Panel Paper: Examining the Two-Generation Impact of Child Care Subsidies on Maternal Education and Children’s Kindergarten Outcomes

Thursday, November 8, 2018
Wilson A - Mezz Level (Marriott Wardman Park)

*Names in bold indicate Presenter

Owen N. Schochet and Anna Johnson, Georgetown University


The federal child care subsidy program – the Child Care and Development Fund – is among the government’s most substantial investments in the early care and education of low-income children: in 2015, federal and state governments spent nearly $8.5 billion on the subsidy program, serving 1.4 million children per month (US DHHS OCC, 2017). To date, much subsidy research has focused either on estimating associations between subsidies and maternal employment, or between subsidies and child outcomes, largely ignoring possible impacts on maternal education. This is surprising, given that increasing low-income mothers’ educational attainment has the potential to both elevate mothers’ human capital and enhance children’s wellbeing and readiness for school success.

Theoretically, receipt of a child care subsidy should free up parental time and resources that can be allocated toward the pursuit of additional education.
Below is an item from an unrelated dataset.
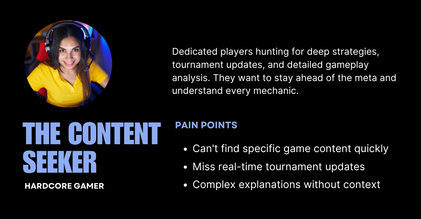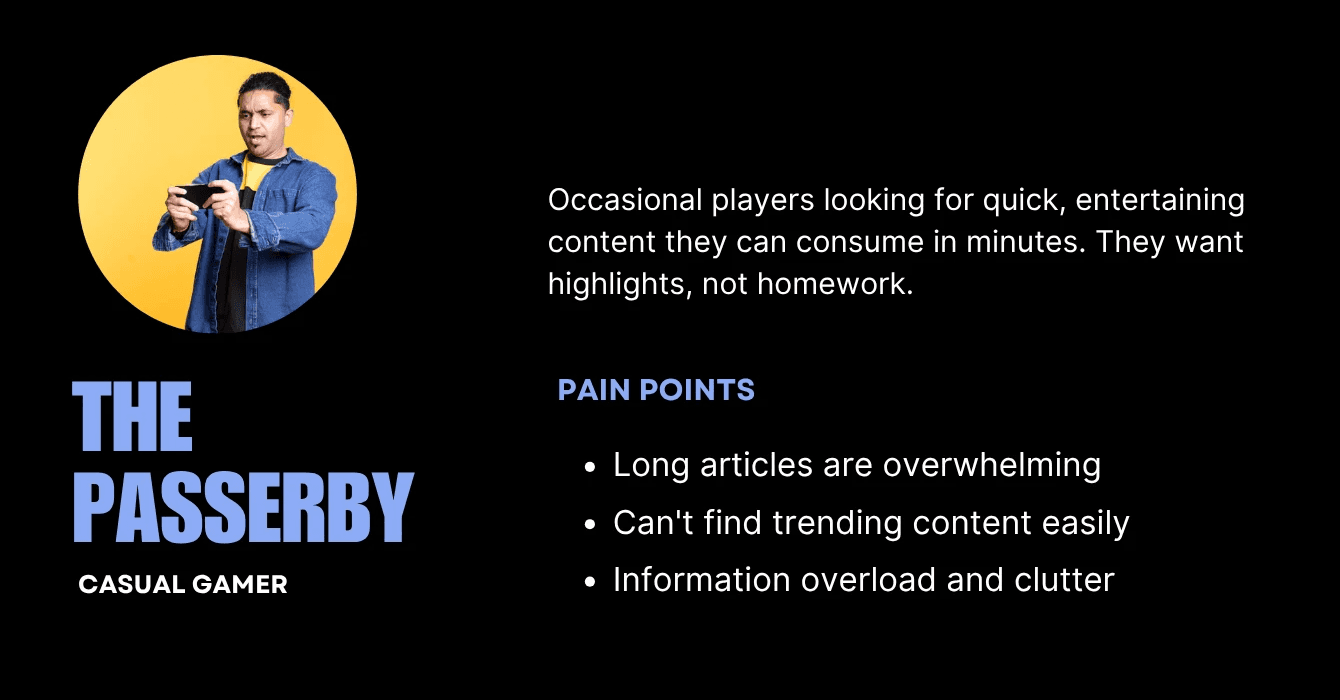 Through user interviews with 12 gamers, I discovered the real issue wasn't the content — it was treating everyone the same. DG News had two distinct user types with completely different needs, and the platform was failing both.

Empirically, emerging results from our own quasi-experimental investigation of subsidy impacts on longitudinal gains in maternal education find that low-income subsidy-recipient mothers demonstrated, on average, a 13 percentage point increase in the likelihood of increasing their education relative to subsidy-eligible non-recipients (Schochet & Johnson, under review). Separately, an extensive literature suggests that advances in parental education may promote children’s academic and social learning (Davis-Keane, 2005; Magnuson, 2007). In the proposed study, we build on this literature, blending it with and extending our in-progress research to illuminate how subsidy receipt may not just elevate maternal education, but also children’s outcomes in kindergarten. Using quasi-experimental methods and national data, the current study is the first to bridge this divide by rigorously investigating the influence of increases in maternal education on children’s cognitive, noncognitive, and health outcomes in an exclusively subsidy-eligible sample.
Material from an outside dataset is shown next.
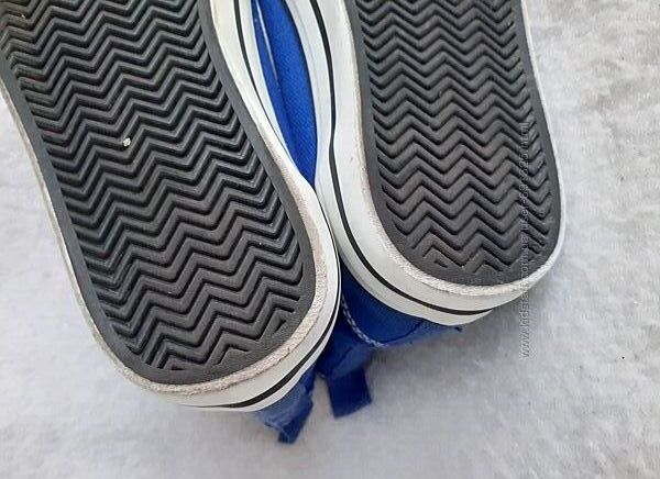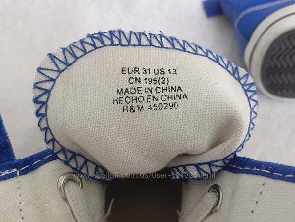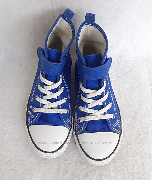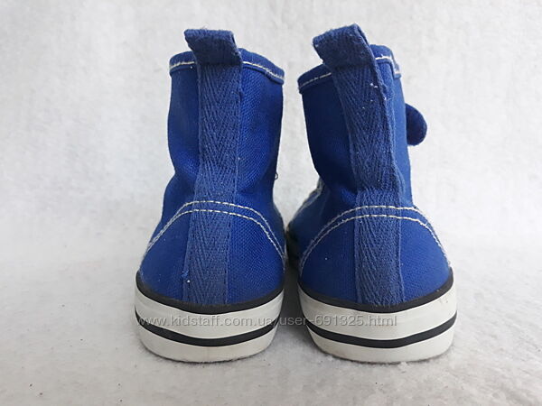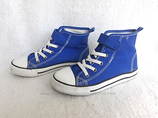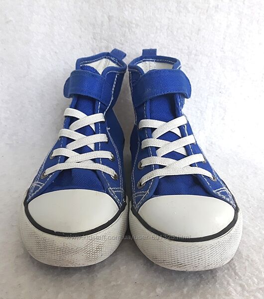 Пропоную високі сині кеди від H&M. Зашнуровані на гумку, зверху липучка. Уживані пару разів, акуратно, стан відмінний, дефектів немає, дивіться фото.Розмір вказаний 13 (31) маломіряють. Довжина устілки усередині 19 см.

We draw our data from the nationally representative Early Childhood Longitudinal Study – Birth Cohort (ECLS-B), which collected rich information on children’s care experiences and arrangements (including funding source), household demographic and economic characteristics, mothers’ educational levels, and children’s outcomes. Data were collected when children were 9-months old, 2-years old, in preschool, and in kindergarten. Our analysis uses a combination of OLS regression and inverse propensity score weighting approaches to explore the possible role of maternal education increases in promoting children’s kindergarten cognitive, non-cognitive, and health outcomes. All analyses are conducted on a balanced, low-income, subsidy-eligible sample of mothers and their children.
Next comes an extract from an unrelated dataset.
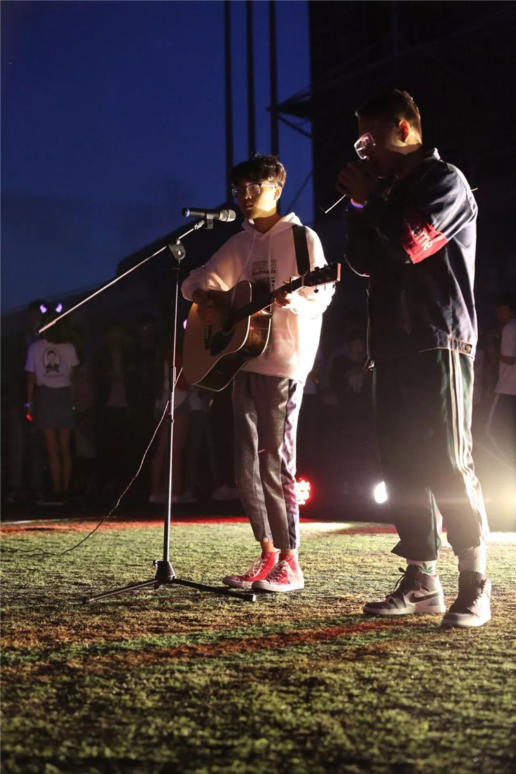 草地音乐节在建筑系T9舞蹈队热情洋溢的开场舞中拉开了帷幕,劲爆的舞蹈加上耀眼的灯光瞬间点燃全场。歌曲《我是一只小小鸟》,歌手嘹亮的嗓音收获了观众们热烈的掌声;双截棍社团献上的荧光焰火双截棍表演展示传统武术的魅力;在备受好评的神秘表白环节,观众上台表达最诚挚的感情,原创音乐社献唱最近大火的《后来》及《婚礼的祝福》,围坐的观众们挥舞着手中的荧光棒轻声合唱……

Preliminary results from regression-adjusted models on this subsidy-eligible sample suggest that increases in maternal education predict a 1.5-point increase in children’s preschool math scores (SE = .59), a 1.7-point increase in their preschool language/literacy skills (SE =.62), and a .3 point decreases in Body Mass Index in preschool (SE = .14). Moreover, we observe enduring cognitive gains for children in subsidy-eligible families with mothers who improve their degree attainment at kindergarten entry with positive impacts on math scores (b = 2.08; SE = .75) and reading scores (b = 3.58; SE = 1.08). Our next analytic step is to more sensitively measure the impact of the timing and intensity of mothers’ educational increases on children’s preschool and kindergarten outcomes.